The St-Germain-D‘Auxerre Church is listed as a Swiss heritage site of national significance.

==Politics==
In the 2007 federal election the most popular party was the SPS which received 38.59% of the vote. The next three most popular parties were the SVP (20.6%), the CVP (17.37%) and the CSP (14.76%). In the federal election, a total of 413 votes were cast, and the voter turnout was 38.6%.

==Economy==
As of In 2010 2010, Courfaivre had an unemployment rate of 5.3%. As of 2008, there were 49 people employed in the primary economic sector and about 14 businesses involved in this sector. 117 people were employed in the secondary sector and there were 21 businesses in this sector. 127 people were employed in the tertiary sector, with 29 businesses in this sector. There were 770 residents of the municipality who were employed in some capacity, of which females made up 41.4% of the workforce.
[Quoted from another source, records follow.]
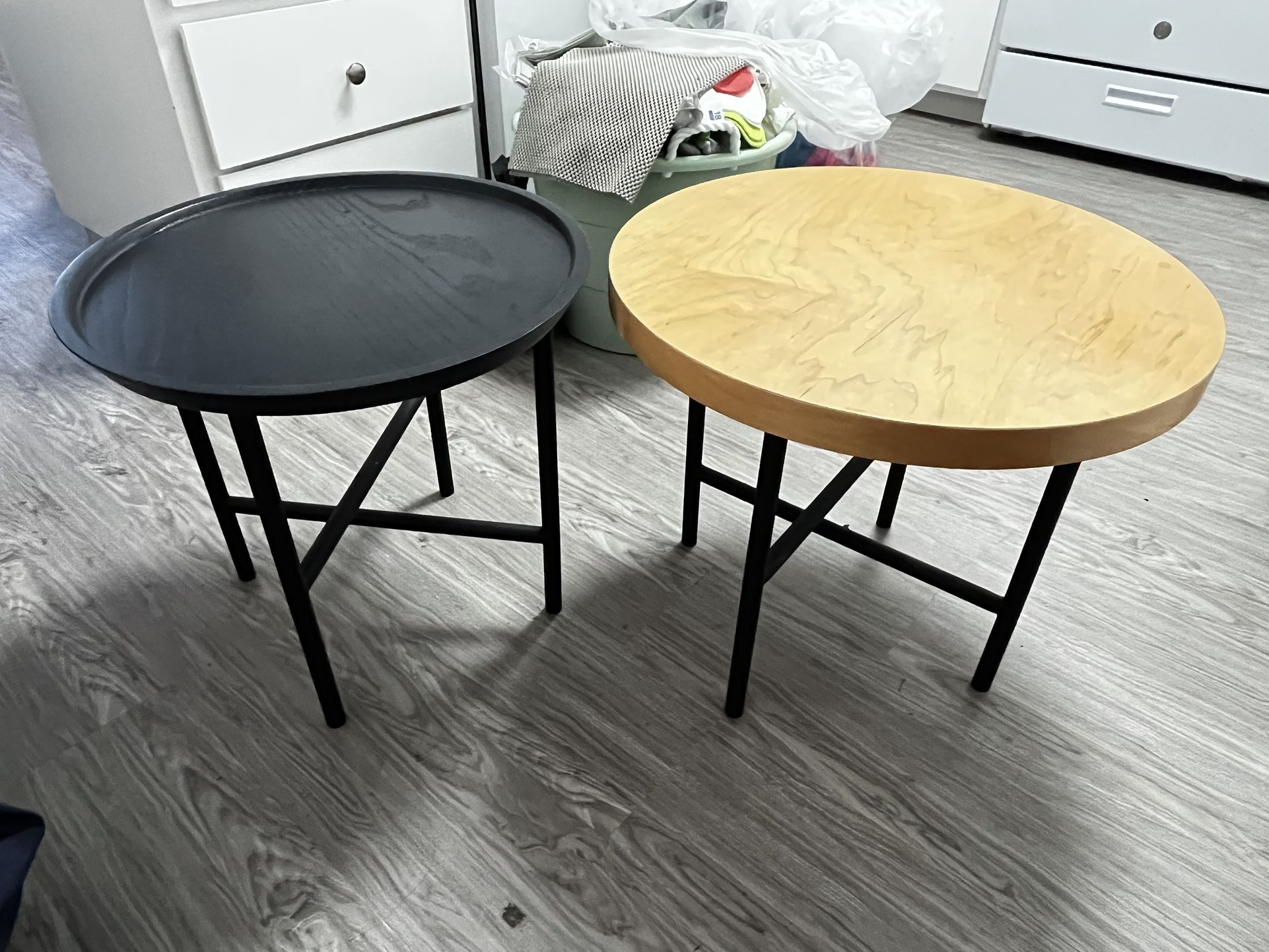2 real wood side tables Black table- $15 Beige table- $30 $40 for both
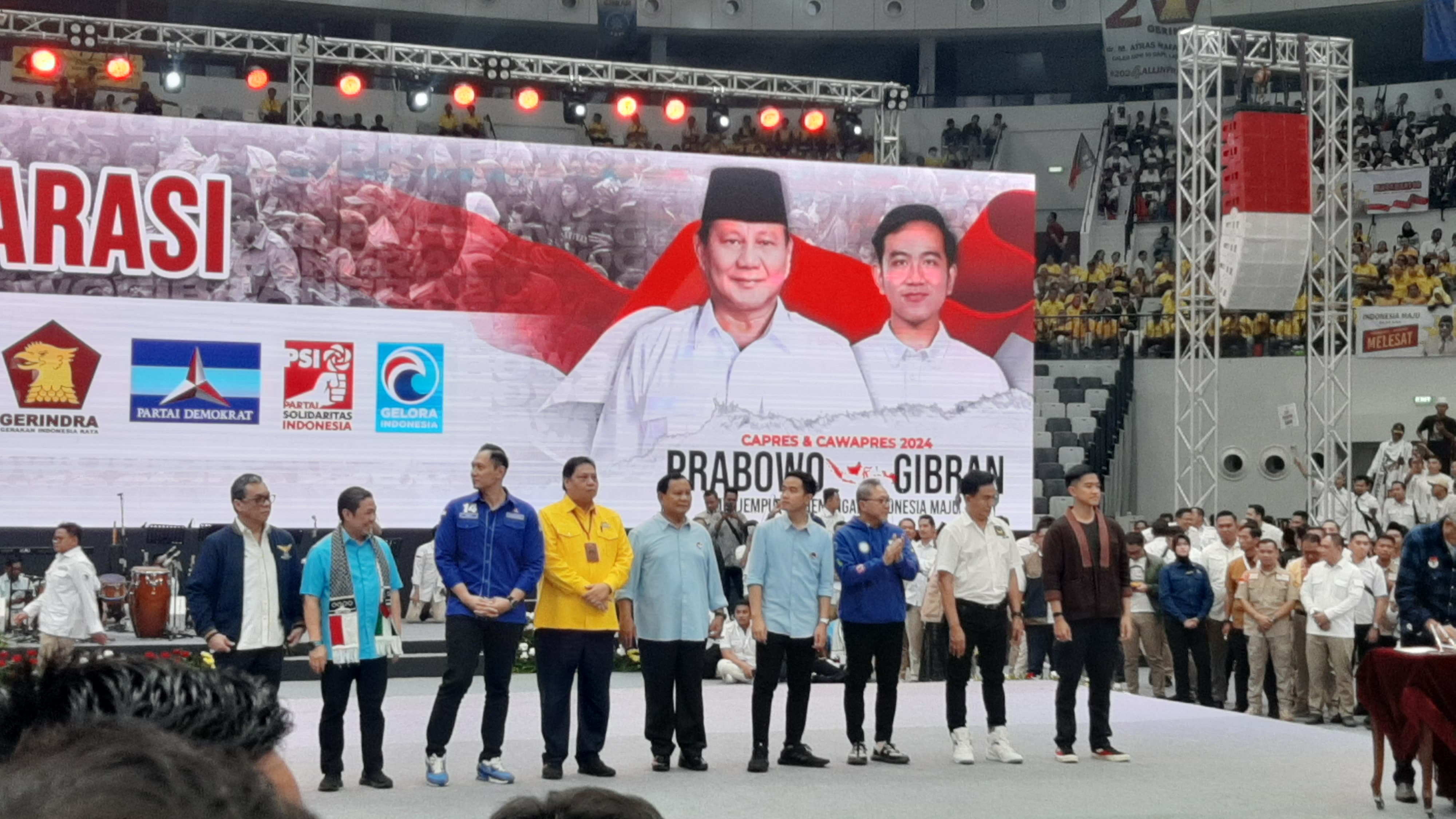 Bacapres Prabowo Subianto dan Bacawapres Gibran Rakabuming Raka meminta doa restu kepada para pendukung karena hendak mendaftar ke Komisi Pemilihan Umum (KPU).
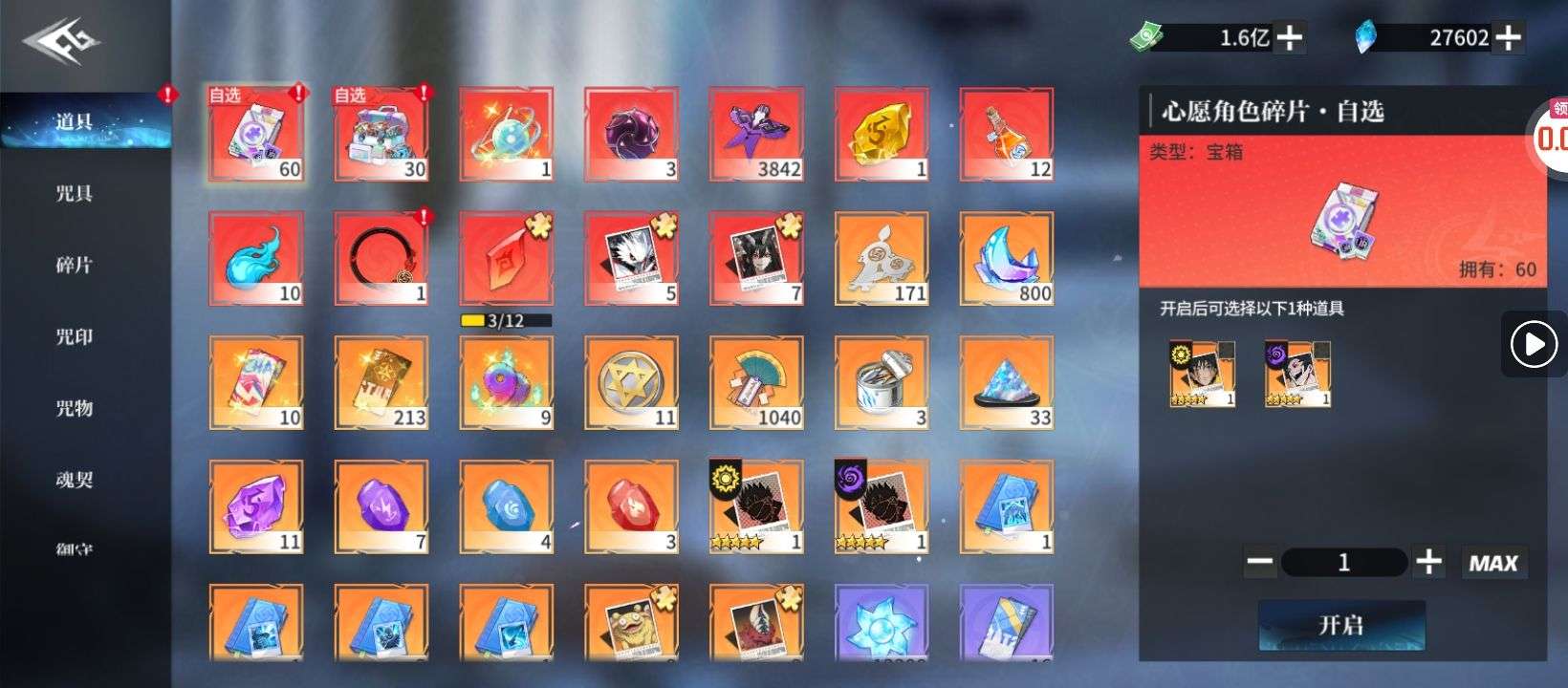 可升12星甚尔,号里还有170多抽心愿券,100抽阵营,没时间玩,随便出
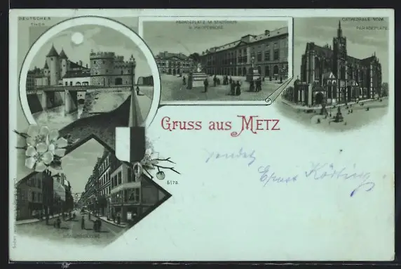 Lithographie Metz, Deutsches Tor, Römerstrasse, Kathedrale vom Paradeplatz
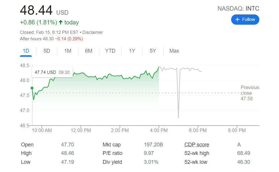 截至隔夜15日纽约收盘,英特尔股价上涨1.81%,收报48.44美元。
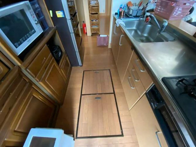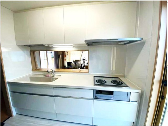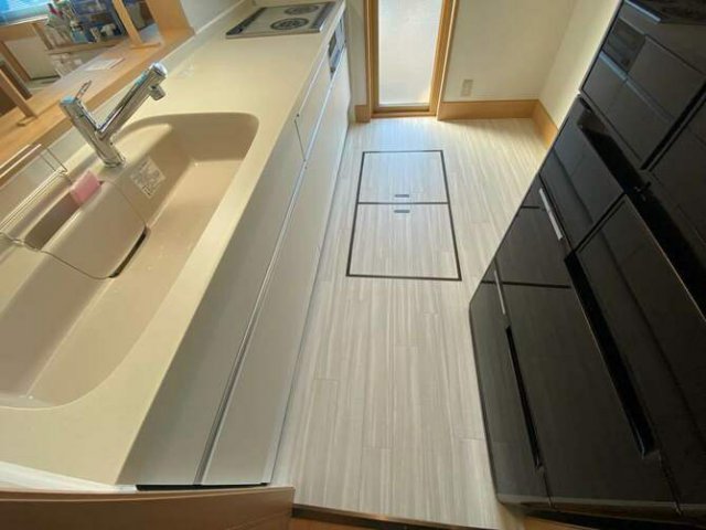 キッチン本体に合わせて白のクッションフロアを上張り。

In 2008 the total number of full-time equivalent jobs was 249. The number of jobs in the primary sector was 33, all of which were in agriculture. The number of jobs in the secondary sector was 113 of which 77 or (68.1%) were in manufacturing and 35 (31.0%) were in construction. The number of jobs in the tertiary sector was 103. In the tertiary sector; 44 or 42.7% were in wholesale or retail sales or the repair of motor vehicles, 6 or 5.8% were in the movement and storage of goods, 7 or 6.8% were in a hotel or restaurant, 11 or 10.7% were the insurance or financial industry, 8 or 7.8% were technical professionals or scientists, 13 or 12.6% were in education.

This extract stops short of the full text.